**EXERCISE BRIEF:**
Using the listing below, set down each line from the line containing "Computer screen with" through the line containing "Les perles d'Agate", both ends included, exactly and with nothing added.

------ DATASET RECORDS ------

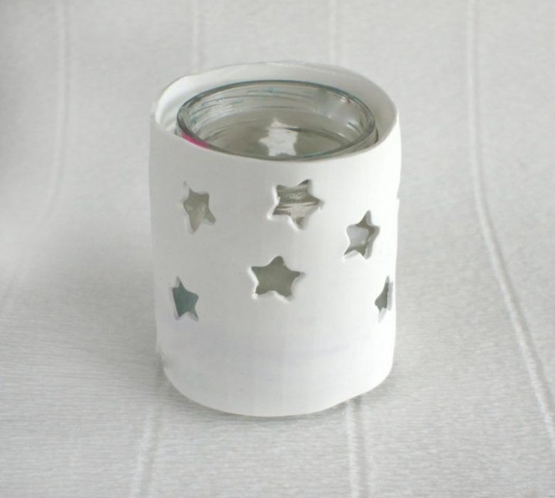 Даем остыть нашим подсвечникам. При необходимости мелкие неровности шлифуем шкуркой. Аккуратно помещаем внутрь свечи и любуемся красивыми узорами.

------
------ DATASET RECORDS ------

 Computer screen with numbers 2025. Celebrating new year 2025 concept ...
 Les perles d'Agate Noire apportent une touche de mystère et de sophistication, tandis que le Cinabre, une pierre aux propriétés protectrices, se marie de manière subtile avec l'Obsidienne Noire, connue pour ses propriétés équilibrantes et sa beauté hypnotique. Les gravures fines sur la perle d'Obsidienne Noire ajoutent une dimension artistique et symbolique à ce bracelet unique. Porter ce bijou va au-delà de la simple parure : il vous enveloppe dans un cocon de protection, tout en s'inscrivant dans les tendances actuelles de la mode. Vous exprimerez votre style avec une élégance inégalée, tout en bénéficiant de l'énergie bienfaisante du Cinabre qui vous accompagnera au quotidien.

------

**ANSWER TO THIS TASK:**
 Computer screen with numbers 2025. Celebrating new year 2025 concept ...
 Les perles d'Agate Noire apportent une touche de mystère et de sophistication, tandis que le Cinabre, une pierre aux propriétés protectrices, se marie de manière subtile avec l'Obsidienne Noire, connue pour ses propriétés équilibrantes et sa beauté hypnotique. Les gravures fines sur la perle d'Obsidienne Noire ajoutent une dimension artistique et symbolique à ce bracelet unique. Porter ce bijou va au-delà de la simple parure : il vous enveloppe dans un cocon de protection, tout en s'inscrivant dans les tendances actuelles de la mode. Vous exprimerez votre style avec une élégance inégalée, tout en bénéficiant de l'énergie bienfaisante du Cinabre qui vous accompagnera au quotidien.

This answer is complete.